A real element of Socratic teaching, which is more prominent
in the Republic than in any of the other Dialogues of Plato,
is the use of example and illustration ('taphorhtika auto
prhospherhontez'): "Let us apply the test of common instances."
"You," says Adeimantus, ironically, in the sixth book, "are so
unaccustomed to speak in images." And this use of examples or images,
though truly Socratic in origin, is enlarged by the genius of Plato
into the form of an allegory or parable, which embodies in the concrete
what has been already described, or is about to be described,
in the abstract. Thus the figure of the cave in Book VII
is a recapitulation of the divisions of knowledge in Book VI.
The composite animal in Book IX is an allegory of the parts of the soul.
The noble captain and the ship and the true pilot in Book VI are a
figure of the relation of the people to the philosophers in the State
which has been described. Other figures, such as the dog in
the second, third, and fourth books, or the marriage of the portionless
maiden in the sixth book, or the drones and wasps in the eighth
and ninth books, also form links of connection in long passages,
or are used to recall previous discussions.

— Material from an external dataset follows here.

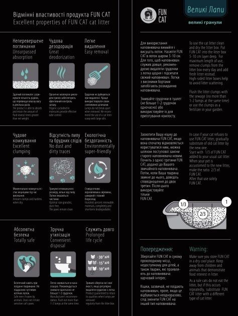 Вага, кг 2.2Обєм, л 5Тип КомкующийсяГранули Великі (Більше 2.5 мм)Особливості контроль запахуКраїна-виробник товару Україна
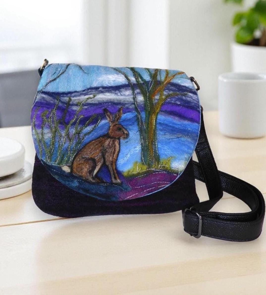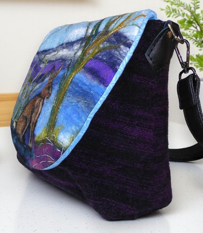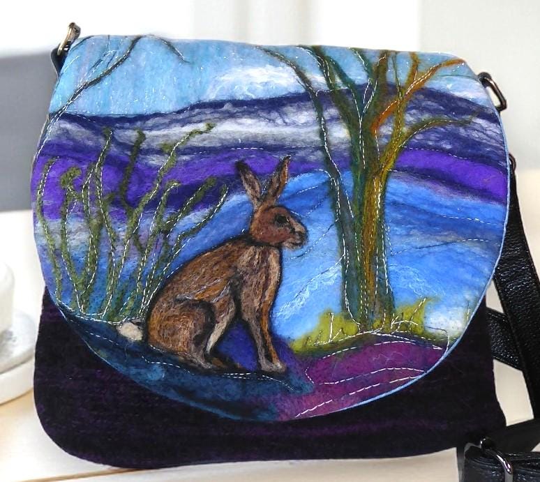 The bag has a flap onto which I have needle-felted a hare. I have added embroidery to give some added definition.

Plato is most true to the character of his master when he describes
him as "not of this world." And with this representation of him
the ideal State and the other paradoxes of the Republic are quite
in accordance, though they can not be shown to have been speculations
of Socrates. To him, as to other great teachers both philosophical
and religious, when they looked upward, the world seemed to be
the embodiment of error and evil. The common sense of mankind has
revolted against this view, or has only partially admitted it.
And even in Socrates himself the sterner judgment of the multitude
at times passes into a sort of ironical pity or love. Men in general
are incapable of philosophy, and are therefore at enmity with
the philosopher; but their misunderstanding of him is unavoidable:
for they have never seen him as he truly is in his own image;
they are only acquainted with artificial systems possessing no
native force of truth--words which admit of many applications.
Their leaders have nothing to measure with, and are therefore ignorant
of their own stature. But they are to be pitied or laughed at,
not to be quarrelled with; they mean well with their nostrums,
if they could only learn that they are cutting off a Hydra's head.
This moderation towards those who are in error is one of
the most characteristic features of Socrates in the Republic.
In all the different representations of Socrates, whether of Xenophon
or Plato, and the differences of the earlier or later Dialogues,
he always retains the character of the unwearied and disinterested
seeker after truth, without which he would have ceased to
be Socrates.

Leaving the characters we may now analyze the contents of the Republic,
and then proceed to consider (1) The general aspects of this Hellenic
ideal of the State, (2) The modern lights in which the thoughts
of Plato may be read.



I WENT down yesterday to the Piraeus with Glaucon the son of Ariston,
that I might offer up my prayers to the goddess; and also because I
wanted to see in what manner they would celebrate the festival,
which was a new thing. I was delighted with the procession
of the inhabitants; but that of the Thracians was equally,
if not more, beautiful. When we had finished our prayers and
viewed the spectacle, we turned in the direction of the city;
and at that instant Polemarchus the son of Cephalus chanced
to catch sight of us from a distance as we were starting on our
way home, and told his servant to run and bid us wait for him.
The servant took hold of me by the cloak behind, and said:
Polemarchus desires you to wait.

I turned round, and asked him where his master was.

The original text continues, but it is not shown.